Оранжевое масло. ИК спектр, ν, см^-1: 3436, 1619, 1266, 1181, 1120, 1060, 1030, 871, 781, 734. Спектр ЯМР ¹H (CDCl₃, 400 МГц), δ, м. д. (J, Гц): 3.00 (т, 4Н, J=6.8 Гц, СН₂); 3.68 (уш. с, 4Н, C-CH₂-N); 3.79 (т, 4Н, J=6.8 Гц, СН₂); 4.32 (уш. с, 4Н, N-CH₂-O); 5.94 (д, 2Н, СН_2, J=2.4 Гц); 7.20 (с, 1Н, NH). Спектр ЯМР ¹³С (CDCl₃, 100 МГц), δ, м. д.: 51.03 (С - 6,12); 55.05 (С - 4,17); 63.03 (С - 5,16); 86.28 (С -2,14); 107.20 (С -10,11); 128.23 (С - 7,9). Масс-спектр, m/z: 238 [М+Н]⁺ C₁₂H₁₉N₃O₂.

Оценку фунгицидной активности проводили методом диффузии в агар (Н.С. Егоров. Практикум по микробиологии. М.: МГУ, 1976, 307 с.). Поверхность картофельно-глюкозного агара, разлитого по 20-25 мл в стандартные чашки Петри d 90 мм, засевали суспензией спор тест-культур грибов. Затем в среде сверлом диаметром 10 мм вырезали 3 лунки, в которые помещали по 100 мкл испытываемых растворов. Фунгицидную активность оценивали по диаметру зоны подавления роста микромицетов, а также наблюдая за развитием тест-культур с использованием светового микроскопа «Leika». Контролем служило развитие грибов на питательной среде. Время инкубации 12 суток при 28°С.

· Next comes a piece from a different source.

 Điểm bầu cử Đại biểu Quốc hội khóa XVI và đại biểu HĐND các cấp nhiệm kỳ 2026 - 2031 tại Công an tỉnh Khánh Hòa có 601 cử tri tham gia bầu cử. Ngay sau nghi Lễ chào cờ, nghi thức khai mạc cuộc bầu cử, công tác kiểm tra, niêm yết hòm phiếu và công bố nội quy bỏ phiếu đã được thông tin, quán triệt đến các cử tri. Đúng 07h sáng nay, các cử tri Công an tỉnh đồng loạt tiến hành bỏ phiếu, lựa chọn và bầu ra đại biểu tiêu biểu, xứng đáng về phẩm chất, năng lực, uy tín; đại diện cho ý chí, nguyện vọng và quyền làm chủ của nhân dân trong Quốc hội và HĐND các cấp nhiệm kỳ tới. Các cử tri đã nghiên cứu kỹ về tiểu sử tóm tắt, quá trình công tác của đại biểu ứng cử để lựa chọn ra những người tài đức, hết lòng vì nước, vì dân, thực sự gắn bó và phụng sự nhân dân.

В качестве тест-культур были использованы микроскопические грибы Bipolaris sorokiniana ИБ Г-12 (депонирован в Коллекции микроорганизмов Уфимского института биологии РАН), Fusarium oxysporum ВКМ F-137, Rhizoctonia solani ВКМ F-895 (каталог Всероссийской коллекции микроорганизмов (www.vkm.ru)).

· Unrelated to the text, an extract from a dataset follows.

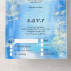 Ein wunderschönes tropisches Inseldesign mit offenem Fenster und Blick auf die kristallklaren, blauen Ozeanwellen und das türkisfarbene Wasser. Eine Single-Yacht kann in der Entfernung unter flauschigen weißen Wolken signiert werden. Unter der Fensterscheibe befindet sich ein blau-weißer Meeresgrund mit hübschem, weißem Seestern und zarten Blasen. Das untere Drittel verfügt über eine Antwortkarte mit personalisierter uAwg-Adresse und Menüoptionen, die Ihre Gäste abschließen können. Diese sind ideal für Hochzeitsfeiern zum Thema Strand. Partys zum Jubiläum an der Küste und Veranstaltungen zum Thema Meer.

¹образование истонченного, непигментированного мицелия

²подавление развития воздушного мицелия, хламидоспор, слабая пигментация мицелия

Вещества общей формулой (1) при концентрации 0.5% проявляют фунгистатическое действие по отношению Rhizoctonia solani, задерживают его развитие и способствуют формированию нетипичного мицелия (Таблица 2).